I have a dataset containing behaviours of users. Let's say we have 1000 users and 40 similar tasks. The tasks are similar but the difficulty level vary.To do a task, people can follow 10 patterns. Since the 40 tasks are similar, the 10 patterns apply to all of them.
Each user do at least 5 tasks out of 40, following one of the 10 patterns. My goal is to see whether or not users tend to always follow the same pattern when performing these tasks.
We define:
- P1, P2.... P10 as 10 possible patterns for the tasks.
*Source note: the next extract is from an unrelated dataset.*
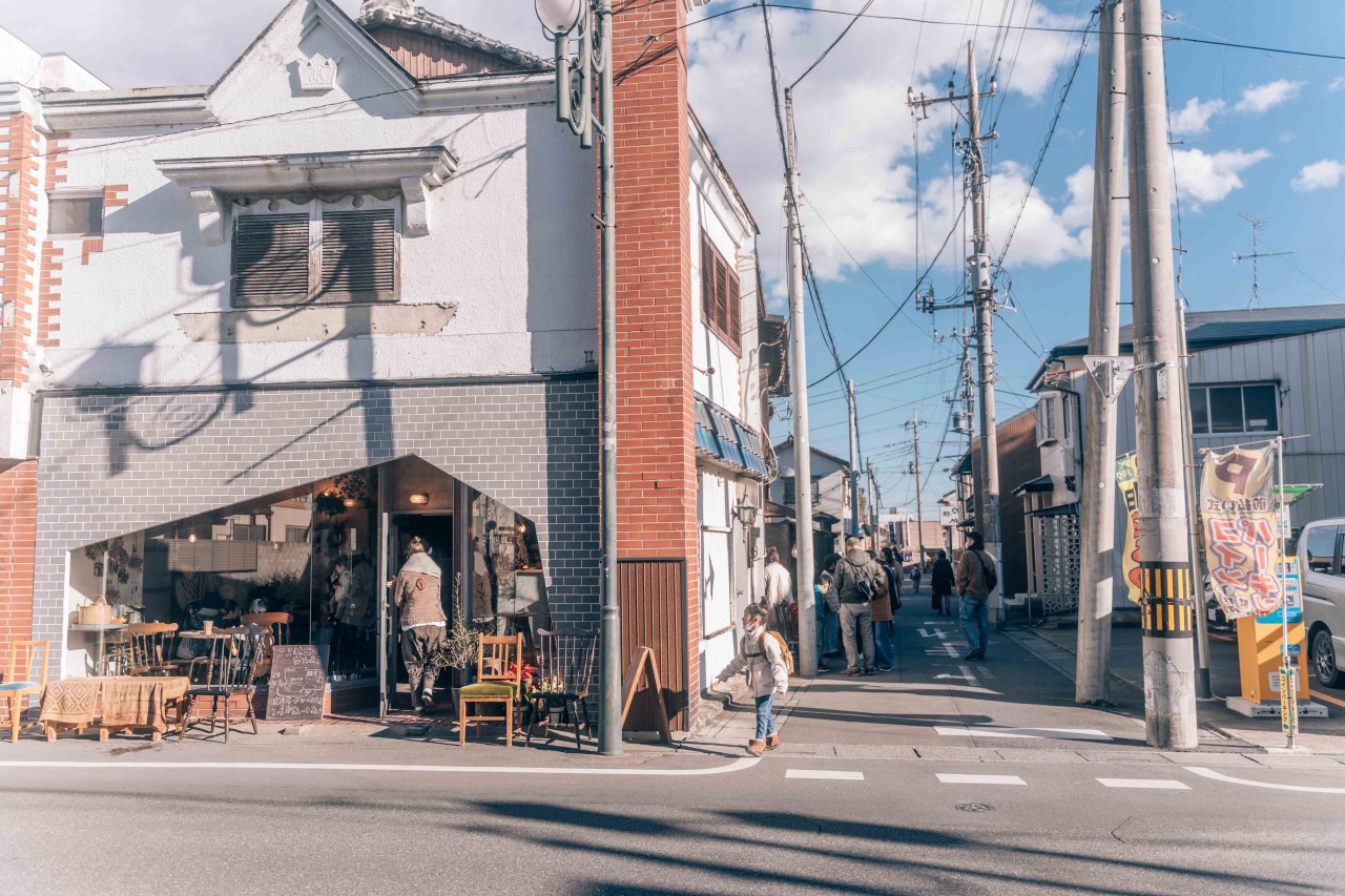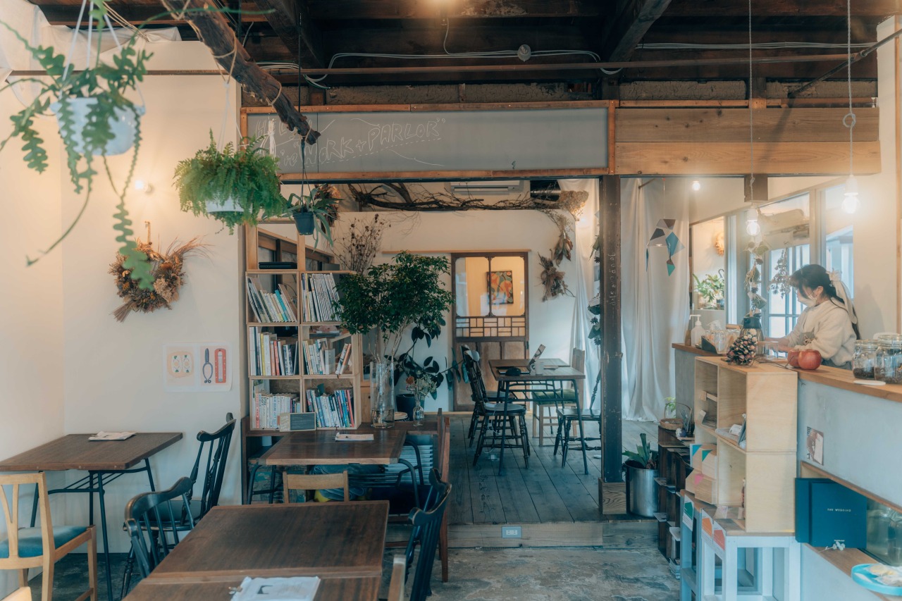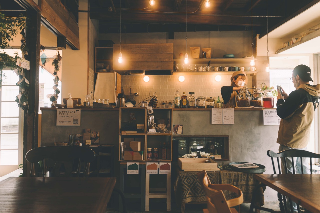 2人の最初の活動は、商店街の空き店舗を活用したカフェの開業だった。2021年、何件かの空き物件を見たうちの一つが現在のカフェで、市役所の職員に所有者を紹介してもらった。外観が魅力的で、「この辺りで一番可愛い建物だと思った」と当時を振り返る大橋さん。十数年間空き店舗だったという築100年超の建物は、400m2を超える広さ。そのうち50m2ををカフェとして貸してもらった。

- U1, U2, ..... U1000 as 1000 users
- T1, T2,..... T40 as 40 tasks
Since we don't care about Task-differences for now, so my data can be illustrated with P and U only:
user, patterns
U1, P1 P1 P1 P2 P2
U2, P2 P3 P5 P4 P5
U3, P1 P1 P1 P1 P1 P1 P1 P1 P1 P1 P1 P1
U4, P2 P2 P2 P2 P2 P2 P2 P1 P1 P1 P1 P1 P1
....
U1000, P3 P2 P3 P2 P3 P2
Let's come back to my question:
Do users usually tend to stick to the same pattern?
I would like to know how to measure this kind of stability. Now what I do is the following:
For each user, I compute the number of repetitions of a certain pattern, then pick up the most frequent one. Calculate the proportion of these repetitions with regard to the number of patterns for this user. Then I get something like this:
user, proportionOfMostFrequentPattern
U1, 0.9
U2, 1
U3, 0.4
....
With the above approach, I can capture how much proportion of time a user followed the same most frequent pattern. However, if we take a look at U4. His patterns have 7 P1 and 6 P2. If I use the approach above, the proportion is 7/13. This does not consider the repetitions of P2. Is there a standard metric that is able to calculate the stability of the patterns? In addition, is there a significance test for this kind of issue?